Audit Nearing Completion


The mayor stated he is well pleased with the city’s new auditor, who is making great progress. He noted the auditor provides weekly updates on his progress and is near closing on the budget. “We need this completed before we finalize our new budget for FY 2021-2022,” Mayor Anderson said. “The first reading will be at the regular June meeting, and sometime before June 30, the board will meet in special session to approve the second reading of the FY 2022-2023 budget.

“Next year we’ll be in much better shape, and we’ll have our budget completed in March or April, like everybody else.

Pemberton said the auditor “has to go back and clean up a decade of inaccurate books.”


Infrastructure Improvements


According to the mayor, the city has repaired a couple of small sections of city sidewalks. This includes an area in front of the Corner Café, which was a trip hazard, due to broken concrete. He stated there were three other locations where sections of the sidewalks had been removed in order to install wastewater lines underneath the sidewalk.
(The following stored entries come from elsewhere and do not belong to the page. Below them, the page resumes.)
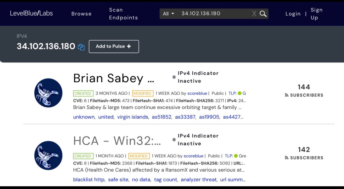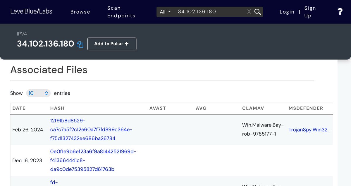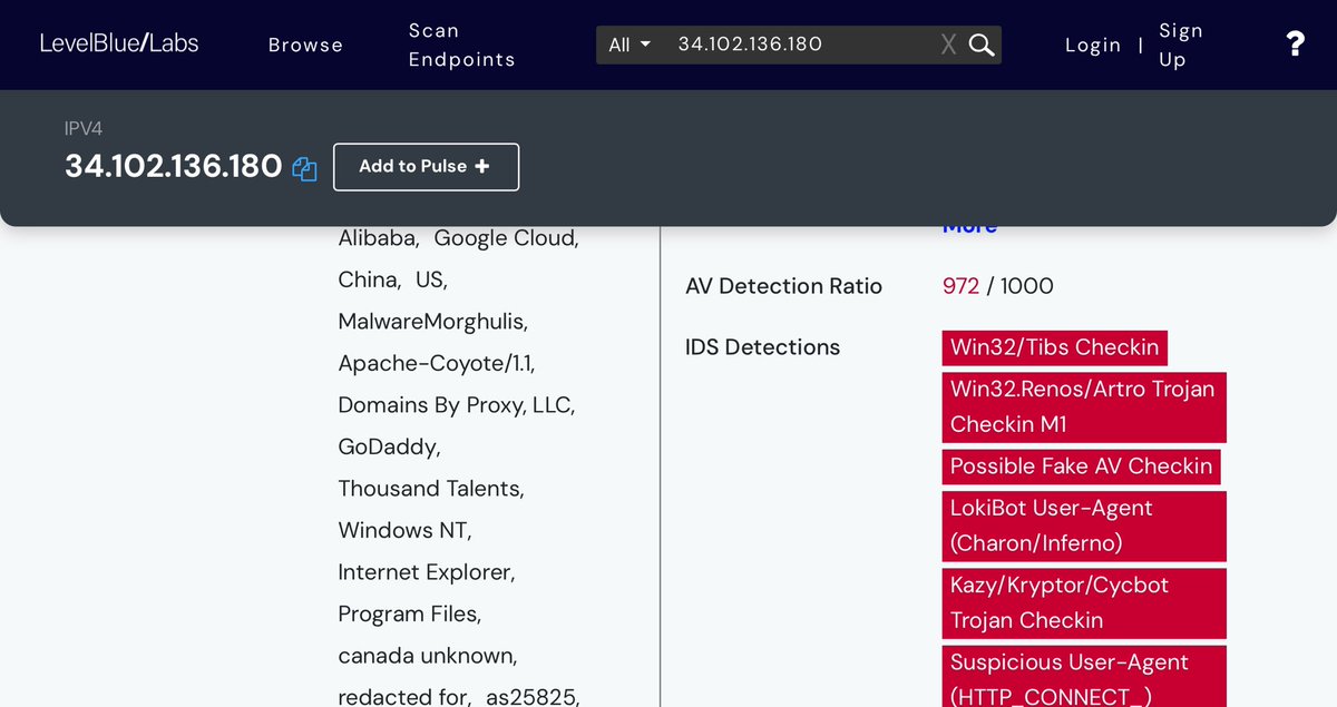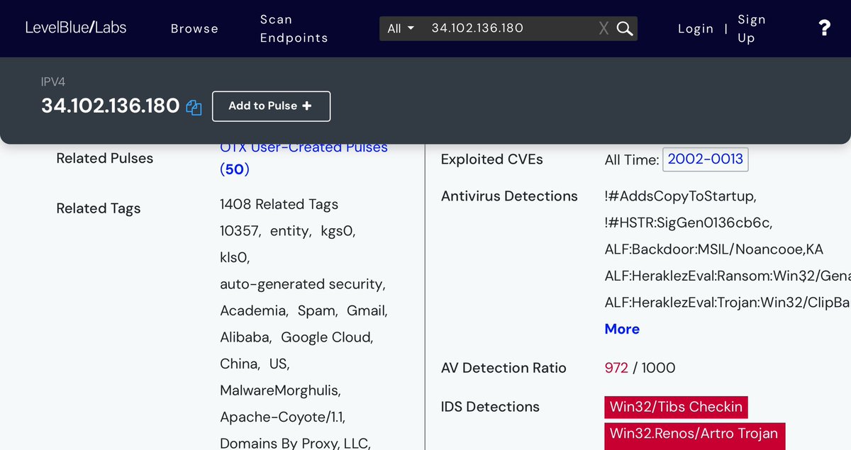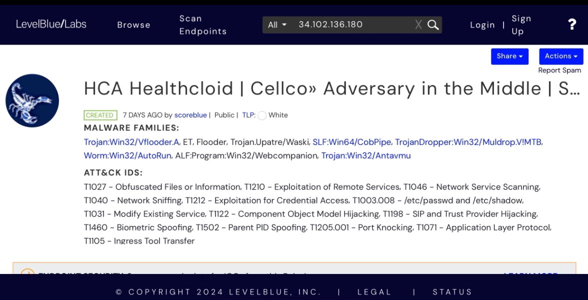HCA HEALTHCARE: This is the primary IP address being using to send malware files into critical systems within the HCA Healthcare network. ✅34.102.136.180 Obviously, 50 Pulses (IOC’s/hacks) and 10K (malicious) Files is a fucking disaster, as are the TAGS: *Academia *Alibaba (Goldman Sachs/Investor AB/SoftBank) *China/US *Gmail/Google *Malware *Apache-Coyote/1.1 *Domains By Proxy, LLC. (GoDaddy HQ) *Thousand Talents (lol China) *Windows NT *Internet Explorer *Canada unknown 💥NOTE: Because of Alibaba’s presence, I’m gonna wager the Japanese IP address contacted (included in next post) will almost certainly be affiliated with SOFTBANK, one of Alibaba’s earliest investors, alongside Goldman Sachs (Atlantic Council) and Investor AB (Wallenbergs/Atlantic Council). *What I could use some help on, fellow sleuths, is the MOST RECENT malicious file which was uploaded almost EXACTLY one year ago, February 26, 2024. 💥REQUEST: I have the “most frequent” originating (source) IP and destination IP addresses, but both are listed “IP as PRIVATE”. Was hoping someone could help me unmask those and see if and where this really comes from/through in Kansas City? ✅192.168.122.25 (top source) and ✅192.168.122.1 (top destination)
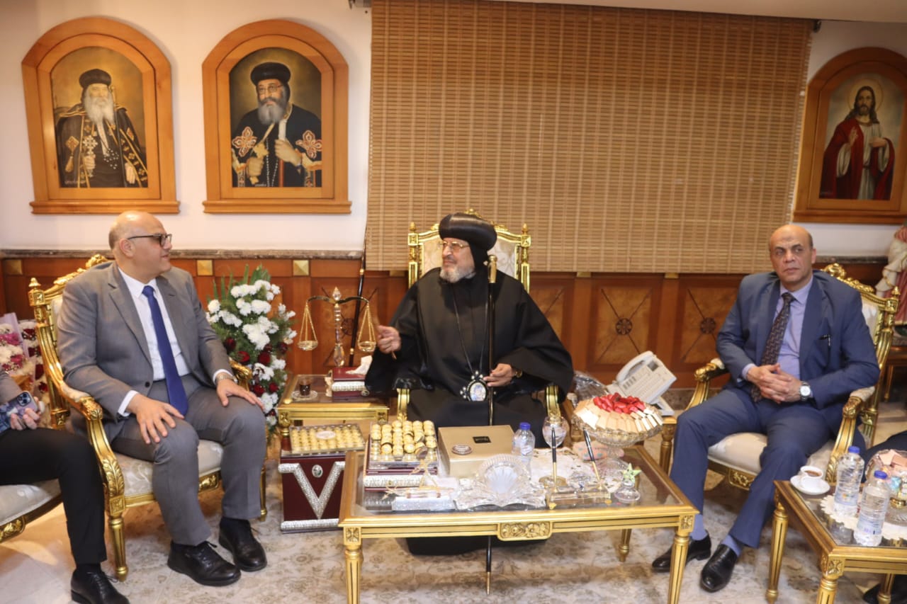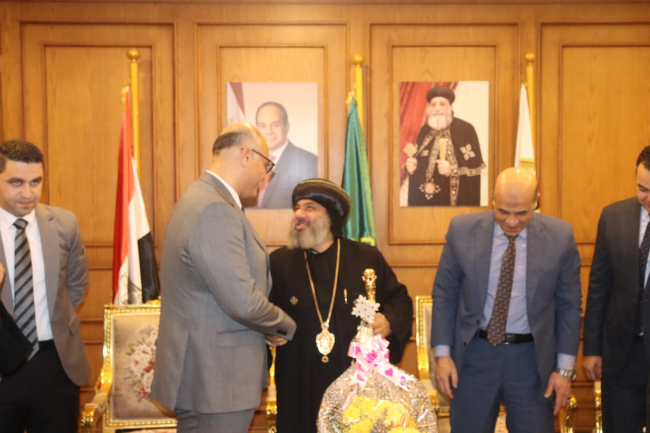 ثم توجه المحافظ لتقديم التهنئة للانبا نوفير اسقف شبين القناطر بمطرانية شبين القناطر بابو زعبل بالخانكة
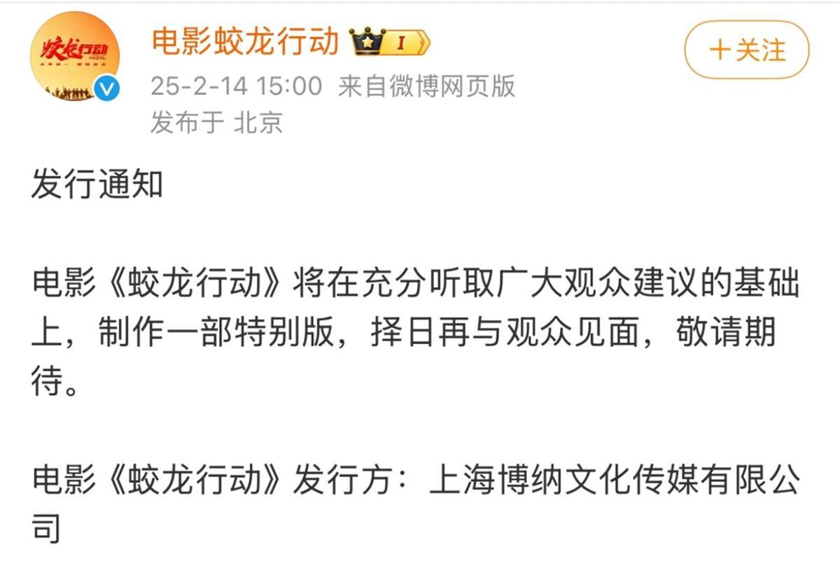 但事实上,即便是春节档结束了,《哪吒2》依然表现强势,甚至越战越勇,留给其他影片的生存空间依然很小。在此现实之下,《蛟龙行动》发文宣布,片方将在充分听取广大观众建议的基础上,制作一部特别版,择日再与观众见面。
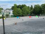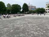? 放課後の校庭では、エール交換の練習が行われていました。各団の団長の声や太鼓の...
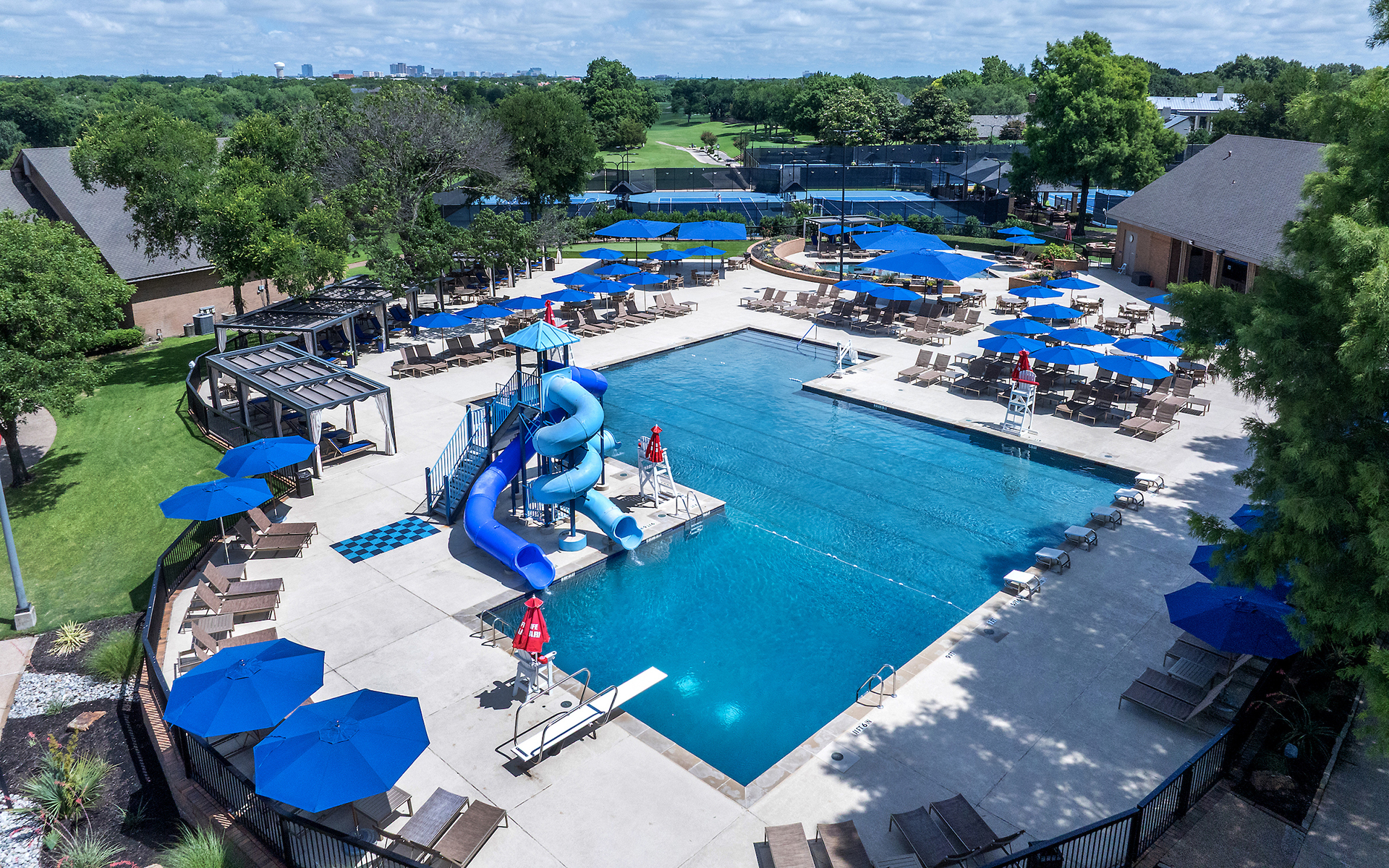Our two pools at the main clubhouse offer dedicated Olympic swim lanes and a family leisure pool with a big slide!

The concrete on these jobs has been poured.

“There are other locations that will be fixed a few at a time, as our budget allows,” the mayor added.

In the library report, Alderman Mike Bennett stated a $900 grant was received to purchase a new front desk for the Gleason Library. He noted there is a Summer Reading Program in June.




Mayor Anderson announced the city’s Fourth of July celebration will be held on Saturday, July 2. He mentioned the city is looking for a firm to shoot the fireworks at the event.

The next regular meeting of the Gleason Board of Mayor and Aldermen is Monday, June 20, beginning at 7 p.m.